The ICBM failed to demonstrate adequate content validity, internal consistency and construct validity. It is unlikely that improvements can be achieved without considered attention to both the audience for which it is designed and its item content. The latter may need to involve both removal of some items deemed to measure multiple biases and the addition of new items in the attempt to survey the range of biases that may compromise medical decision making.

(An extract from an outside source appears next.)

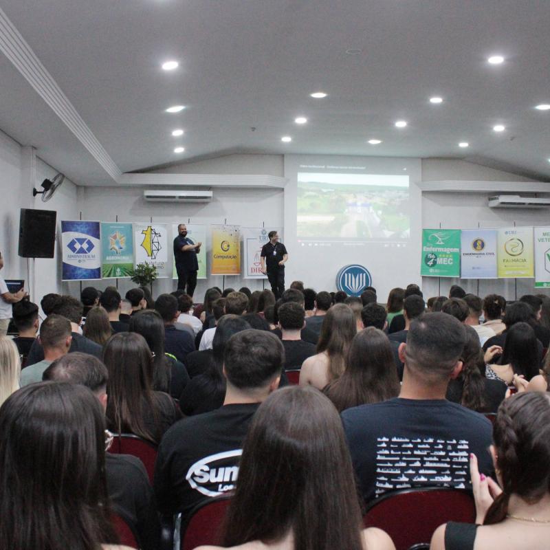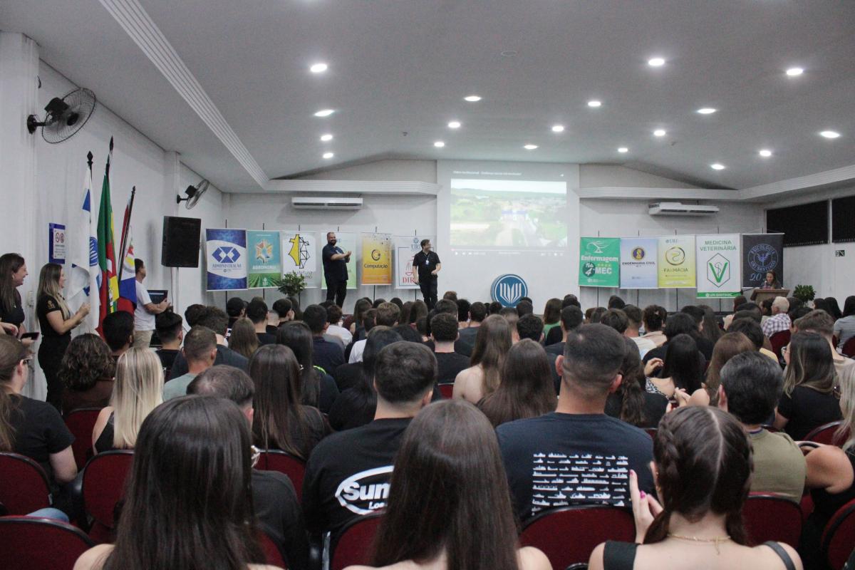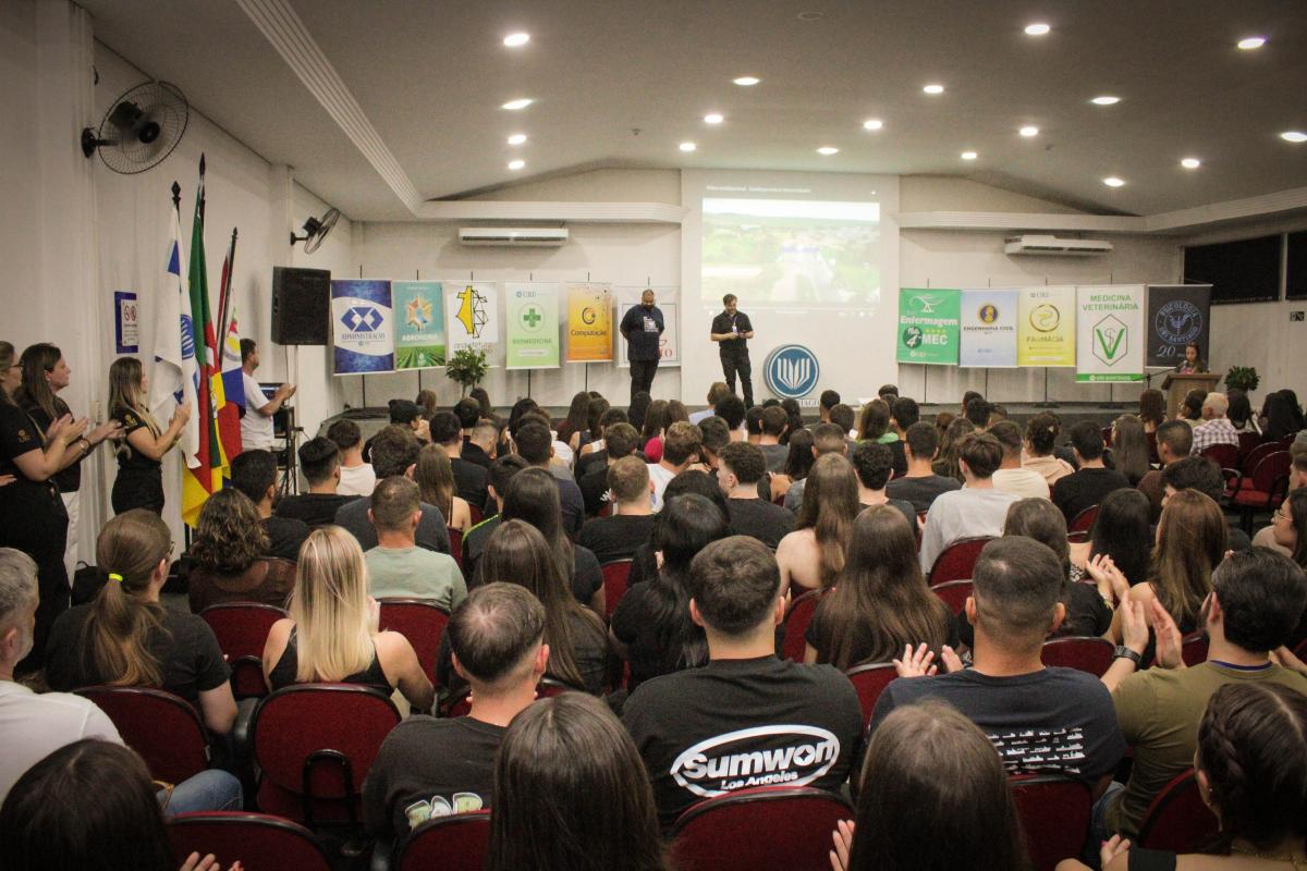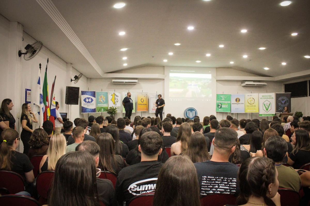 A segunda-feira (24), foi marcada por um momento de acolhimento e integração na Universidade Regional Integrada do Alto Uruguai e das Missões (URI) Câmpus de Santiago, com uma recepção aos estudantes, em especial os calouros, que iniciam sua jornada acadêmica no 1º semestre de 2025. O evento, realizado no Salão de Atos da Instituição, contou com a presença de mais de 300 pessoas entre acadêmicos, professores e colaboradores.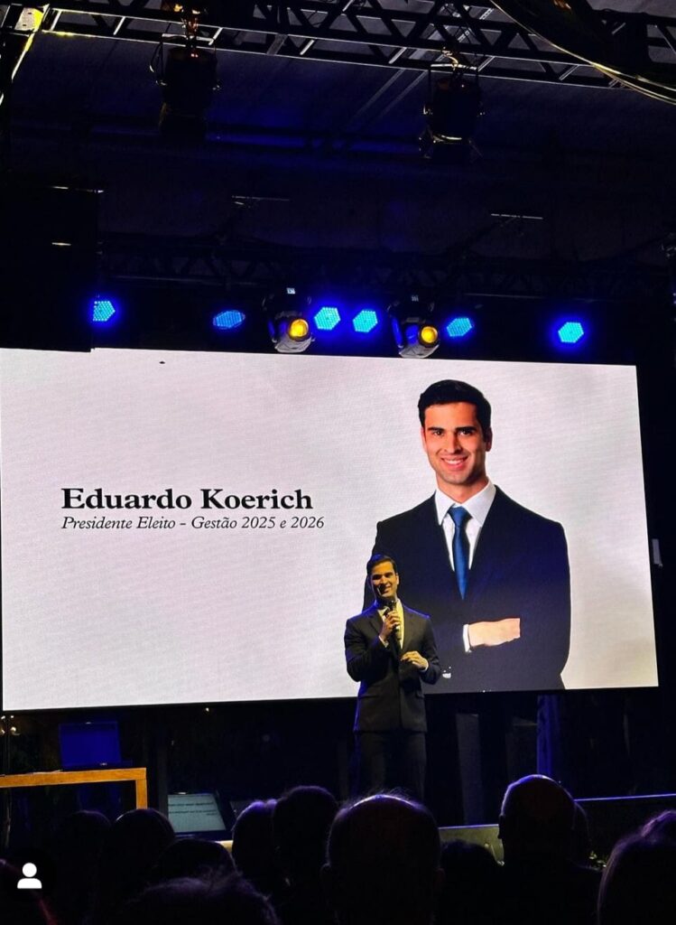 Presidente eleito da CDL Florianópolis (gestão 2025-2026), Eduardo Koerich, 34 anos, foi diplomado no sábado (23), com toda a diretoria. Ele substitui o empresário Júlio Geremias, que foi homenageado na cerimônia. No discurso, Eduardo falou sobre os projetos iniciais – entre eles a qualificação da mão de obra, um dos desafios do varejo – e a importância da parceria com o poder público para fazer da capital uma cidade ainda melhor. No evento, realizado na Alameda Casa Rosa, destacou o que aprendeu dentro da família: “Ninguém nasce grande, ninguém cresce sozinho”. Em entrevista à coluna, o empresário falou sobre os planos à frente da entidade. Foto: divulgação/Apoio Comunicação

The context of decision making in modern healthcare is complex, often involving multiple decision makers from varied professions. While their decisions may be imbedded in such broad organisational contexts,  doctors still retain a primary role in diagnostic and treatment decisions for patients,  ultimately determining which protocols to follow [3, 4]. Optimising doctors' decision making is therefore a worthy objective. For example, if cognitive processes influence doctors' decision making, an improved understanding of these processes may contribute to maximising patient outcomes and avoiding common errors [5–8]. Our specific interest lies in understanding the cognitive processes that may inform strategies designed to change existing clinician practices so that gaps between the known best research evidence and existing clinical practices are reduced . In sum, understanding how doctors think may contribute to both undergraduate and postgraduate medical education.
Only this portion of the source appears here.